Altogether, the data of Ikeda et al. indicate an additional hepatic entrainment that can be applied to chronotherapy by controlling protein-only diet in peoples with diabetes and/or circadian rhythm disorders. Therefore, in some clinical setting, the augmentation of IGF-1, but not insulin, by a protein-rich diet might mediate a beneficial effect on entrainment of liver circadian rhythm. However, strong epidemiological evidence indicate that, independently of age, high protein intake was associated with higher IGF-1 levels and a 5-fold increase in diabetes mortality (Levine et al., 2014). These association studies do not shed light on the long-term mechanistic effects of protein-rich and/or low-carbohydrate diets on diabetes.
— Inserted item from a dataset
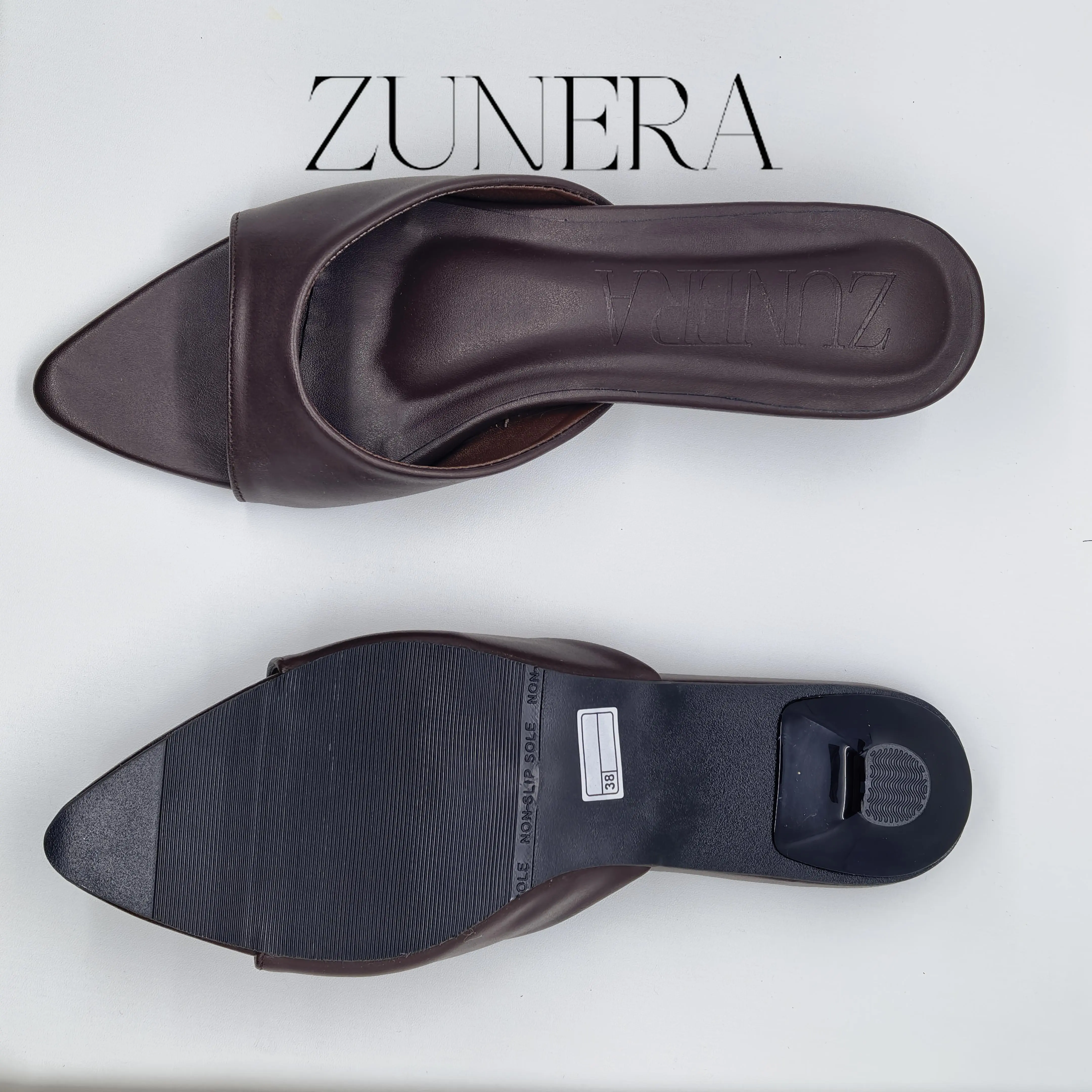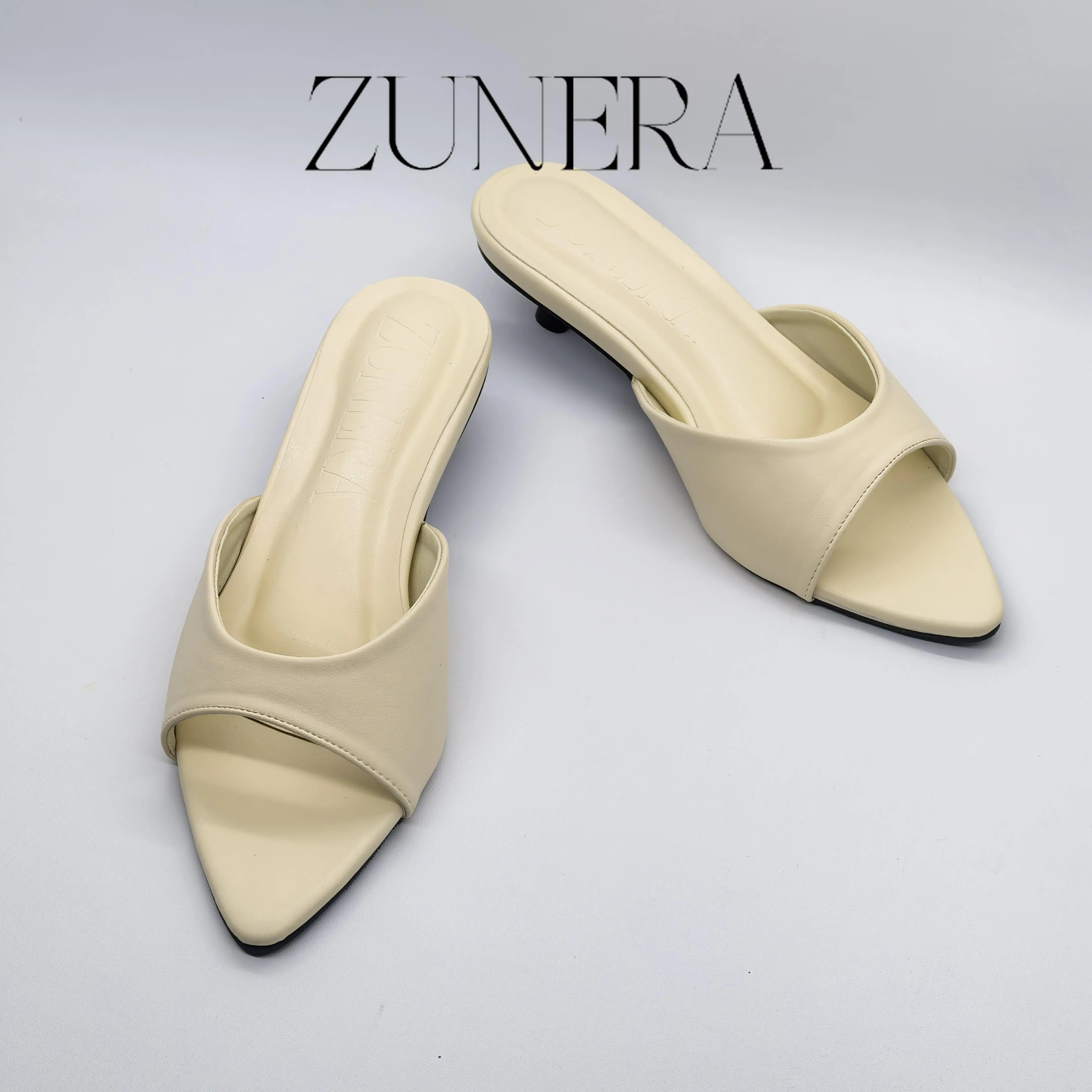 ✨ ZUNERA NERA heels wanita model terbaru dari ZUNERA dengan look elegan dan minimalis. Tinggi hak 3cm, material sintetis, dan sole non-slip. Pijakan busa. Tersedia ukuran 36-40. Size guide: NO PANJANG KAKI. Size normal untuk kaki ramping. Kaki lebar atau berisi wajib upsize.
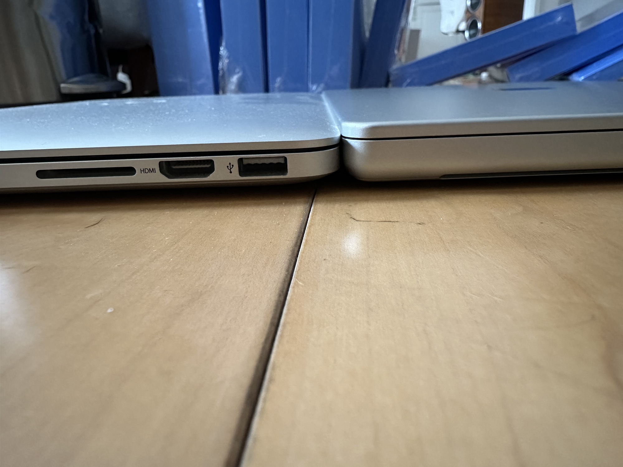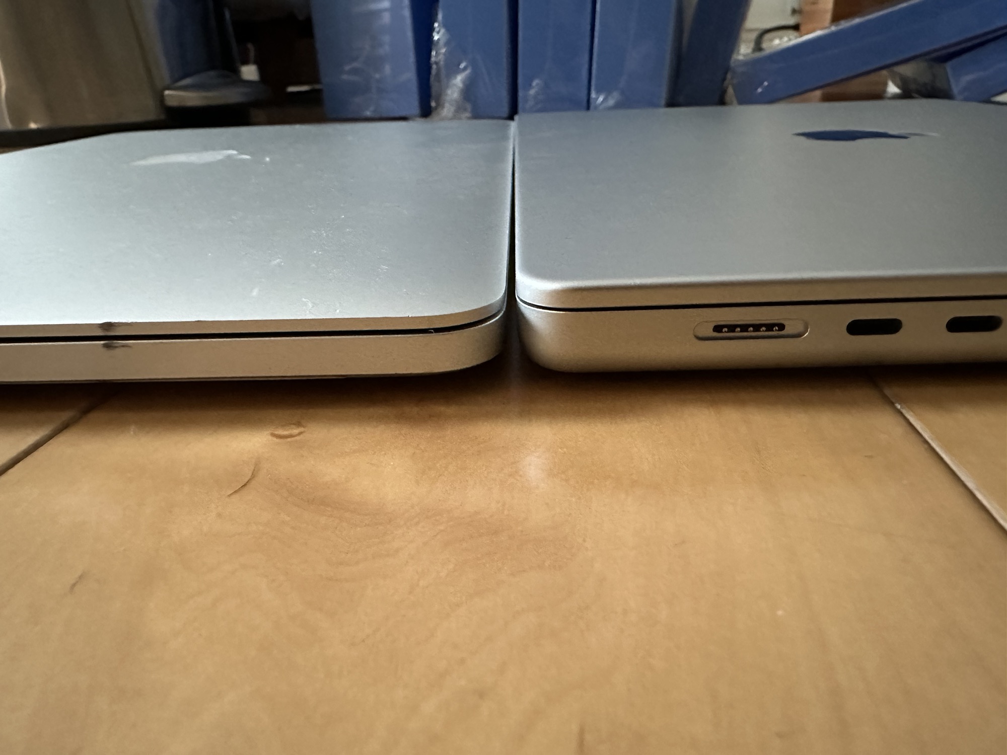 I got my previous notebooks together for a comparsion. I really like the speed and quietness of the new M2 Macbook Pro, but it's thickness was definitely jarring at first - after years and years of thinner notebooks. I would definitely still take the M2 MBP any day, but aesthetically I definitely like the touchbar 2016 MBP the besthttps://imgur.com/a/3LcpPrq/

In this respect, Ikeda et al. propose that the consumption of high-protein food limited to breakfast might entrain peripheral circadian rhythm and prevents obesity (Ikeda et al., 2018). This is consistent with clinical studies showing that in type 2 diabetic individuals, compared with a high-carbohydrate breakfast, the consumption of a high-protein breakfast meal attenuates the postprandial glucose response (Rabinovitz et al., 2014, Park et al., 2015). To our knowledge, no consensus exists about dietary recommendations for diabetic patients, and a wide debate about the nutrient composition in a balanced and healthy diet is still underway in the scientific community. American Diabetes Association (ADA) and National Health Service UK (NHS UK) currently recommend consumption of 50–55 g of proteins per day for all individuals – healthy or diabetics - that accounts for 15–20% of average energy intake from proteins. In agreement with Ikeda et al., both in vivo and epidemiological findings suggest the potential role of cysteine supplementation as a low-cost adjuvant therapy in the management of diabetic patients, by controlling glycemic level, lipid profile and oxidative stress (Prasenjit Manna, 2013). Further, pilot randomized controlled clinical trials testing protein- or cysteine-rich diets, and different meal timing/frequency, in individuals affected by type 1 or 2 diabetes are warranted.

Disclosure of Interest

The author declares no conflict of interest.